Ratinho

Personal information
- Full name: Heitor Martinho de Souza
- Date of birth: 3 March 1942
- Place of birth: São Francisco do Sul, Brazil
- Date of death: 11 February 2001 (aged 58)
- Place of death: Balneário Barra do Sul, Brazil
- Height: 1.62 m (5 ft 4 in)
- Position: Right winger

Senior career*
- Years: Team / Apps / (Gls)
- 1961–1962: Fluminense-SC [pt]
- 1962–1965: Marcílio Dias
- 1965–1972: Portuguesa / 242 / (56)
- 1973–1974: São Paulo / 30 / (3)
- 1976–1978: Joinville

= Ratinho (footballer, born 1942) =

Brazilian footballer

Heitor Martinho de Souza (3 March 1942 – 11 February 2001), better known as Ratinho, was a Brazilian professional footballer who played as a right winger.

==Career==

Ratinho (little mouse), a nickname given to the fact that the player was fast and daring, began his professional career at Fluminense de Joinville. In 1962 he arrived at Marcílio Dias, being part of the state champion squad in 1963. He arrived at Portuguesa in 1966 and made 242 appearances for the club, scoring 56 goals.
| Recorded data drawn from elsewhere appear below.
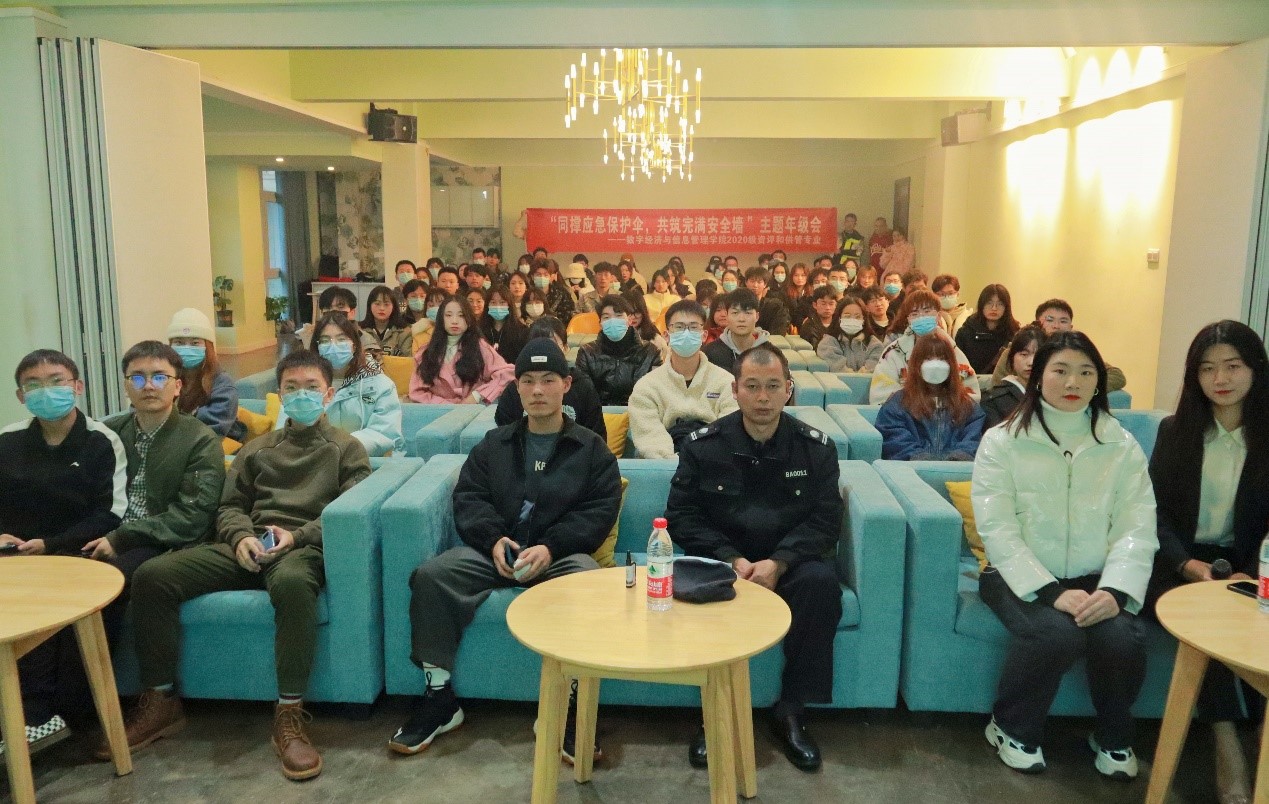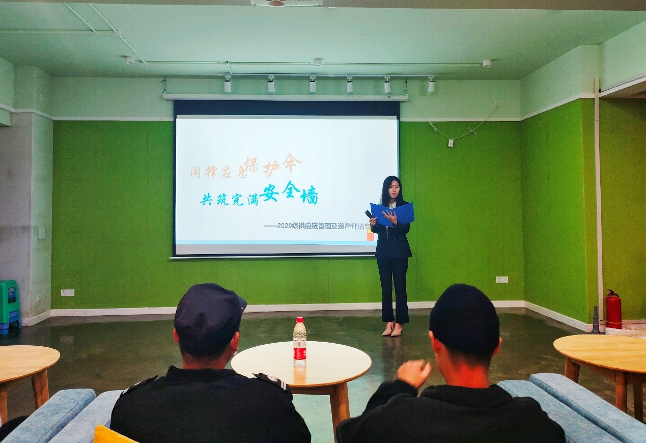 为提高同学们应对突发事件的风险意识,增强突发事件应急反应能力,牢固树立“安全第一,预防为主”意识。11月21日下午16时,我院2020级资产评估1-2班、供应链管理1班专业在双栀书院多功能影音室开展了“同撑应急保护伞,共筑完满安全墙”十一月主题年级会,现场通过理论讲解和应急演练,提高同学们应对突发事件的分析、研判、协调能力。此次主题年级会班级邀请了2020级四大专业辅导员吴生亮老师、学校保卫处黄建叔叔以及工程管理、信息管理与信息系统专业班委。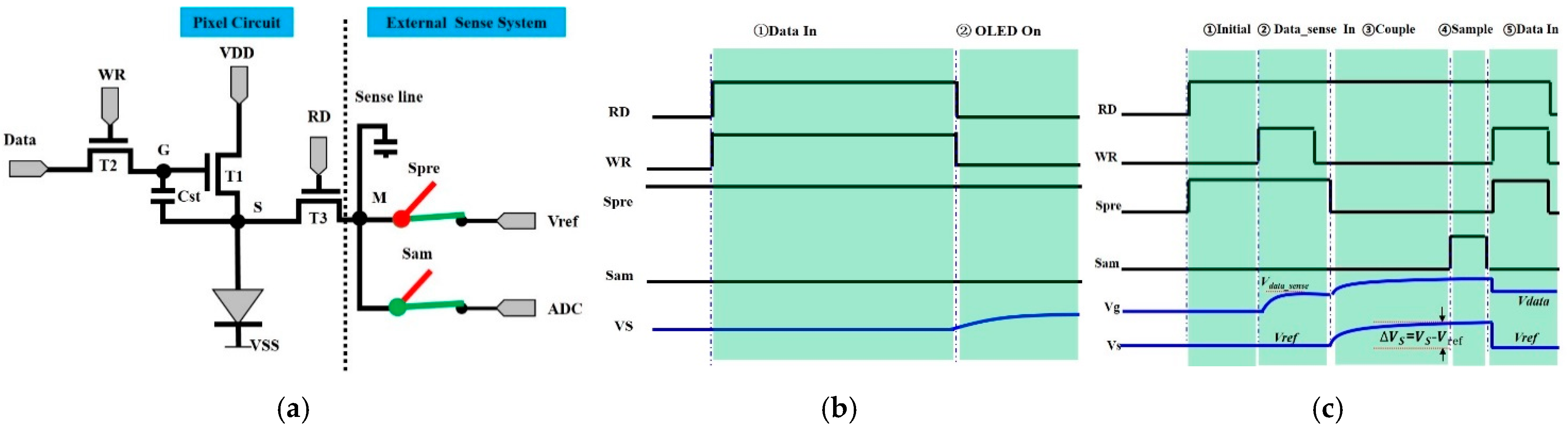 Figure 3a, and each pixel circuit is composed of two switching TFTs (T2, T3), a driving TFT (T1), and a storage capacitor (Cst). Two scan signals (WR, RD), generated by the GOA, are used to supply switching signals. Simultaneously, data voltage is utilized to control the gray scale in pixels. Furthermore, a high constant voltage (VDD, 24 V) and a low constant voltage (VSS, 0 V) are used to control the drain electrode voltage of T1 and the cathode voltage of OLED. The establishment of 3T1C circuit ensures that the mobility message of T1 can be detected by an external sense system. In this system, the anode of OLED, referred to as S in the circuit, connects to a source chip through the metallic sense lines on glass. Each of the Spre and Sam switches alternatively performed a turn-on operation and a turn-off operation in the source chips. The reference source (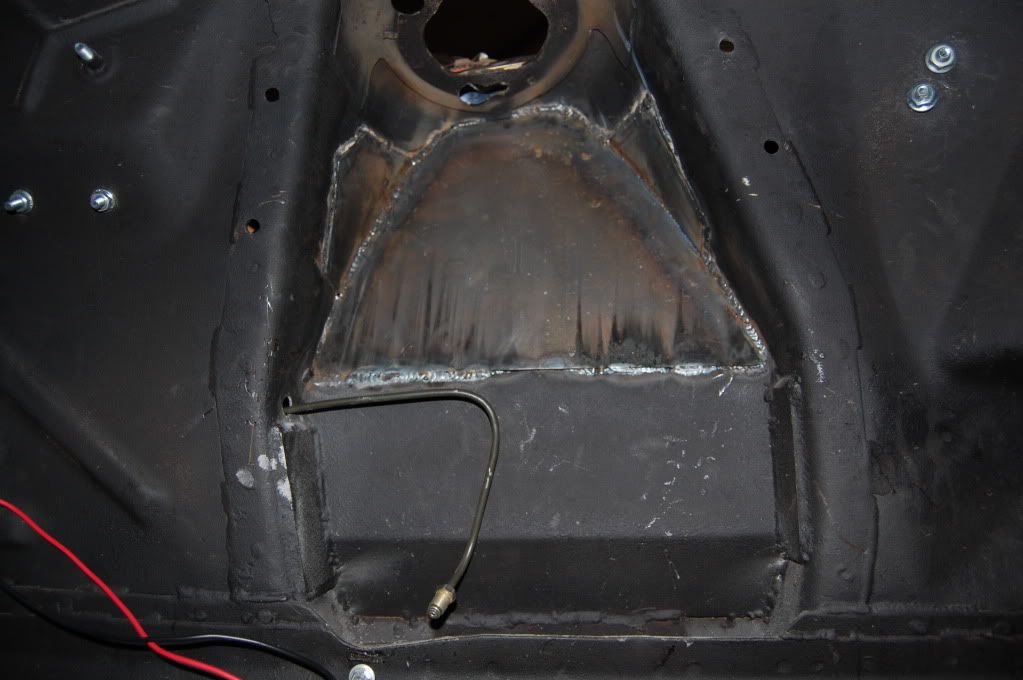 Before. The wires that were run through the brake line hole go the alternator. They were draped over the suspension and run under the frame rail. Very nice and not my work. The main feed wire to the back of the alternator was run next to the shorty headers, where it would have eventually either fallen into the header and burned up, or best case scenario, fatigued from heat over time. http://i932.photobucket.com/albums/a...r/DSC_0544.jpg After grinding down the welds and removing the MIG wire that was sticking out in several locations. http://i932.photobucket.com/albums/a...r/DSC_0547.jpg 5 skim coats of rage gold and tons of hand sanding later. http://i932.photobucket.com/albums/a...r/DSC_0551.jpg End result. http://i932.photobucket.com/albums/a...r/DSC_0555.jpg |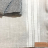 A beautiful cotton slubby weave in flax with a natural color stripe. Has a nice weight.

After disagreements with the president of Portuguesa, Oswaldo Texeira Duarte, he went to São Paulo, where he played little, mostly as a substitute, making 30 appearances and scoring just 3 goals. In 1976, he was one of the first reinforcements of the recently created Joinville EC (after the merger between América and Caxias), being state champion in 1976 and 1978. After retiring, he worked as the club's football director.

==Honours==

- Marcílio Dias
- Campeonato Catarinense: 1963

- Joinville
- Campeonato Catarinense: 1976, 1978

==Death==

Ratinho died in a car accident on 11 February 2001, in Balneário Barra do Sul, Santa Catarina.